Как ни пытались дьяки выжать, выведать у инокинь Покровского монастыря что-либо об исчезновении сына Соломонии, ничего они не добились. Даже грамота государя, с коей примчал в Суздаль гонец и коей Василий одаривал Соломонию селом Вышеславским с деревнями и починками, не сдвинула дознание ни на шаг. И Ульянея не смягчилась, хотя в той грамоте говорилось, что после смерти инокини Софьи село, а с ним и всё прочее отходили в дом Пречистые Покрова Святой Богородицы.

Бывшая княгиня Агриппина Пронская и в молодости была умна, теперь и вовсе. Ещё прозорливостью обогатилась. Потому, прочитав дарственную, увидела между строк и то, что было уготовано инокине Софье, кроме села Вышеславского с деревнями. Смерть таилась за государевой бумагой, ибо не могла Ульянея пережить Софью, которая была в два раза моложе её.

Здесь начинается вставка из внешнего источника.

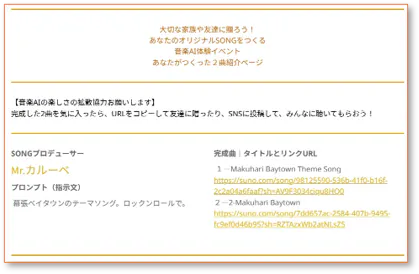 「大切な家族や友達に贈ろう!あなたのオリジナルSONGをつくる 音楽AI体験イベント」
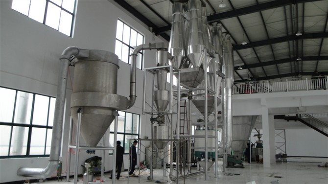 加熱到一定溫度后吹入直立管,在管內(nèi)的速度決定于濕顆粒的大小和密度,一般大于顆粒的沉降速度(約為10~20米/秒)。已干燥的顆粒被強(qiáng)烈氣流帶出,送到兩個并聯(lián)的旋風(fēng)分離器分離出來,經(jīng)螺旋輸送器送出,尾氣則經(jīng)袋式過濾器放空。由于停留時間短,對某些產(chǎn)品往往須采用二級或多級串聯(lián)流程。
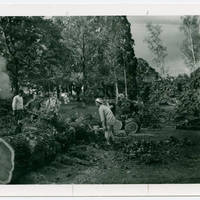 People trying to move the fallen down trees due to the Columbus Day Storm at Pacific University.
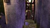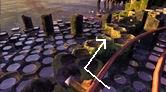 トラックから下りると、すぐに回転式トラックのパズルが左前方に見えます。岩が階段状に広がっていますが、この上に進むことは出来ません。岩を左手に見ながら、進んでいくと左側に小さな空間があります。そこに回転式トラックのパズルへの入り口になる格子状のドアがあります。
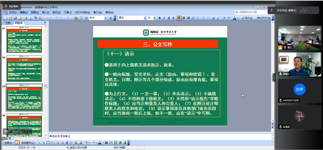 5月6日下午,打飞机 /集成电路学院在209会议室开展了公文写作培训,培训旨在规范学院党政公文写作,提高管理水平。会议邀请了南京师范大学档案馆馆长姜晓云研究员作题为“家国情怀与公文写作”的线上培训讲座,学院党委书记聂东林、教工党支部宣传委员、机关全体工作人员、全体辅导员参加了培训,会议由学院党委副书记雷蕾主持。
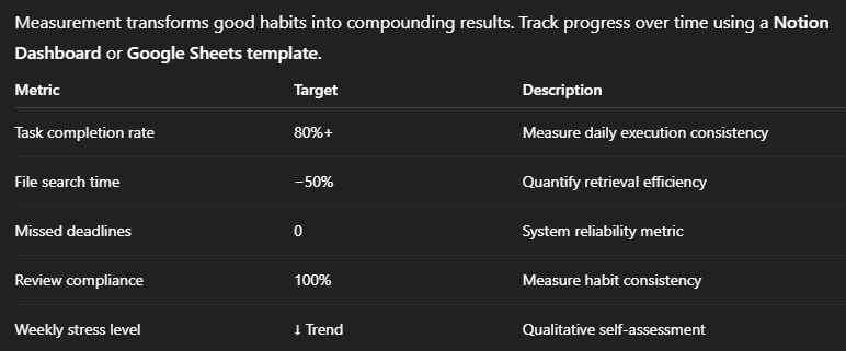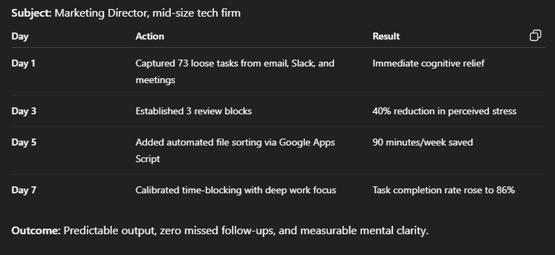 Outcome: Predictable output, zero missed follow-ups, and measurable mental clarity.
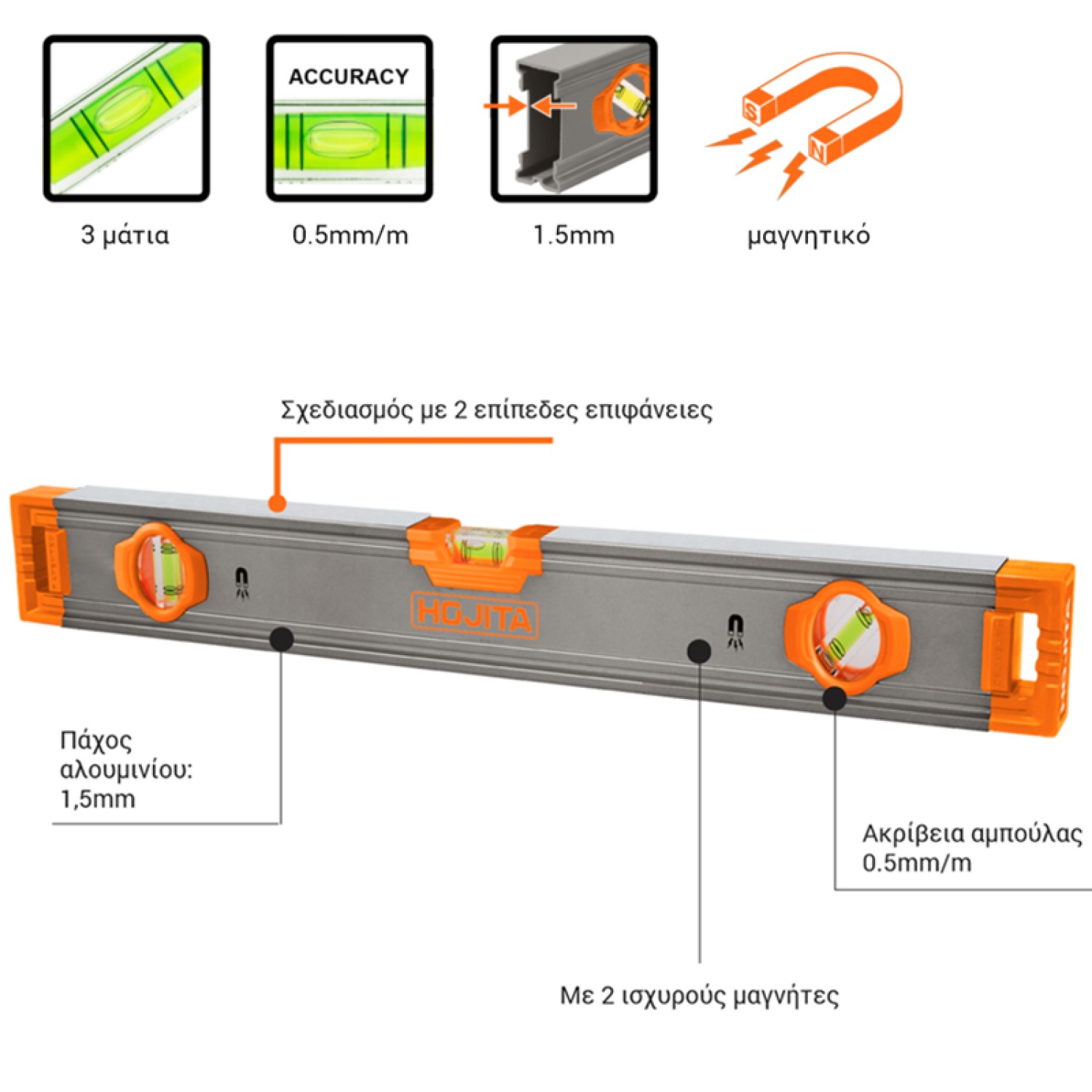 >Πλαίσιο αλουμινίου υψηλής ποιότητας >Με 2 ισχυρούς μαγνήτες >Ακρίβεια αμπούλας: 0,5mm/m >Πάχος αλουμινίου: 1,5mm >Σχεδιασμός με δύο επίπεδες επιφάνειες 3 μάτια υψηλής ευκρίνειας >Μήκος: 120cm

И Ульянея отказалась принять дарственную и не позволила вручить её Софье.

Настырные дьяки перехватили в сенях келейницу Ефимью, прислуживающую Ульяне и Софье. Она же склонила голову и открыла всё о «государевом деле». Ей казалось, что она говорит правду, но другой, истинной правды она не знала.

— Верно, служилые, — начала рассказ Ефимья, — инокиня Софья разрешилась от бремени. Да мёртвое дитя было. В ту же ночь пришли к ней в келью некие люди в чёрном и лики закрыты и унесли тельце, а куда, того никто не ведает. Даже матушка Ульянея.

Дьяки поискали следы младенца в подвалах монастыря, в усыпальницах, на монастырском погосте, но вынуждены были вернуться в Москву ни с чем. Лишь опасение за свои животы от немилости великого князя увозили дьяки из Суздаля. Как примет великий князь печальные вести, было ведомо одному Господу Богу.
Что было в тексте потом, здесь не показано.